Raw Materials

A new craft workshop is drawing women to Stony Point Fashion Park to create their own holiday gifts.

Rebecca Keeling Gagnon, the owner of the experiential retail shop AR Workshop in Stony Point Fashion Park, likes it when women feel empowered.

The shop, which opened in early October, is one of more than a hundred new franchises across the country since the flagship location opened in Pineville, North Carolina, in 2016. Even before the retail shop opened, hundreds of Richmond-area women had signed up for classes taught through the end of the year.

The Richmond calendar has a class nearly every day, sometimes two a day. Participants can pick up power tools and create wooden plank signs, framed signs, canvas pillows, round signs, trays, Lazy Susans, centerpiece boxes and canvas tote bags.

“A lot of people, especially women, don’t get a chance to pick up a nail gun or a sander and use it for a project,” Gagnon says, who notes that it’s not just about creating a piece of art to take home, it’s about “boosting confidence and feeling empowered.”

Before this, Gagnon spent 11 years as a wedding photographer. She decided to bring the concept to Richmond after attending a class in Alexandria. “You can walk in and start with raw materials that look like a pile of wood and walk out with something you made with your own two hands and actually use in your home,” she says.

Working with wood wasn’t totally unfamiliar for her. Gagnon had grown up around sawdust — her father was a boat builder. Though she’s comfortable with tools and cutting wood, not everyone who signs up for classes is. Take Leann Harris.

“I work in IT by day,” Harris says. “It seemed achievable for someone who doesn’t self-identify as a creative.”

Harris had done enough painting classes, she says. She wanted to come home with something more practical that she could use. She’s already signed up for November classes with her friends.

Many of the November classes feature holiday designs, but participants can request custom designs and stencils before the class during registration. The paints are nontoxic. The projects, the workshop decor, the instructor outfits and even the retail shop all stick to an industrial farmhouse aesthetic.  
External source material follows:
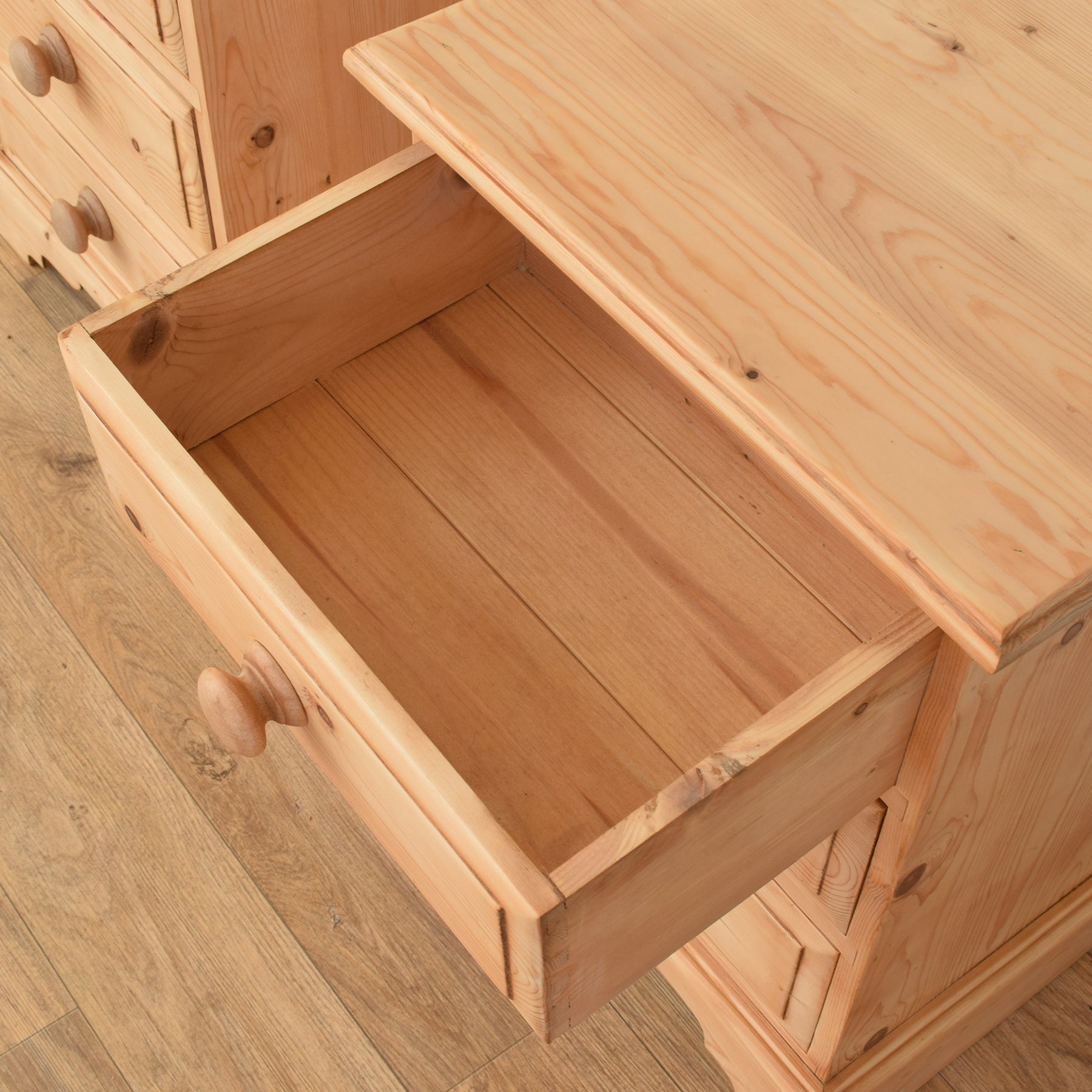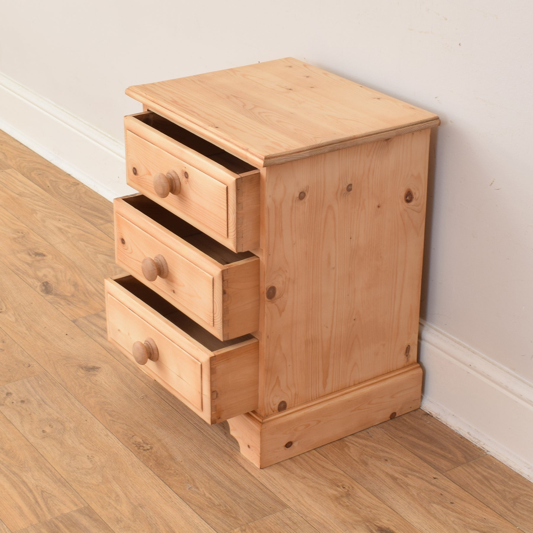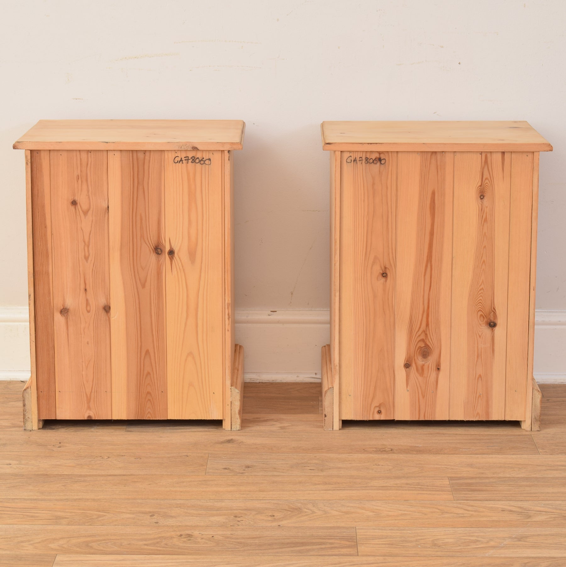 The pair has been carefully cleaned and waxed, enhancing the natural finish and protecting the wood surface. This process brings out the variation in tone and grain, while ensuring a smooth and well-maintained appearance. These items are made entirely from solid pine.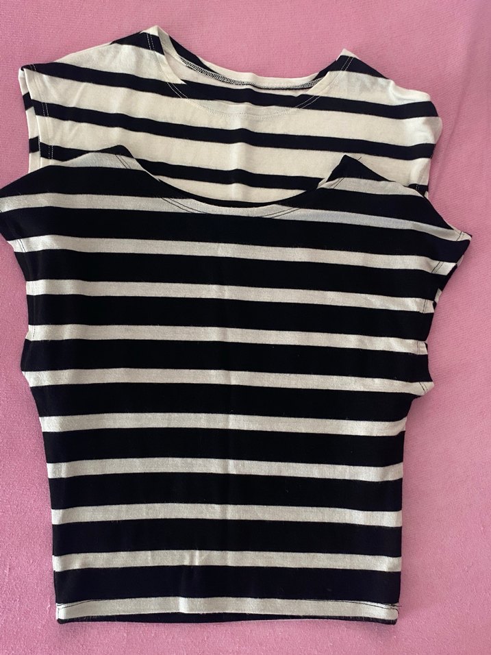 Tekne yaka, kısa kollu, çizgili ve pile detaylı siyah beyaz hamile tişörtleri. Yumuşak sentetik kumaştan, günlük kullanım için uygundur. İade yok

It’s just in time for the holidays.

“The majority of my family will be getting handmade gifts this year from the workshop,” says Karen Alley, marketing director of Stony Point Fashion Park.

She says AR Workshop is the kind of experience-based retail consumers are looking for lately. Stony Point continues to develop the property to create more of a parklike feel and recruit businesses like a coming escape room and Utopia Med Spa.

AR Workshop is in Stony Point Fashion Park’s Suite 192-A. Register for classes at arworkshop.com/Richmond.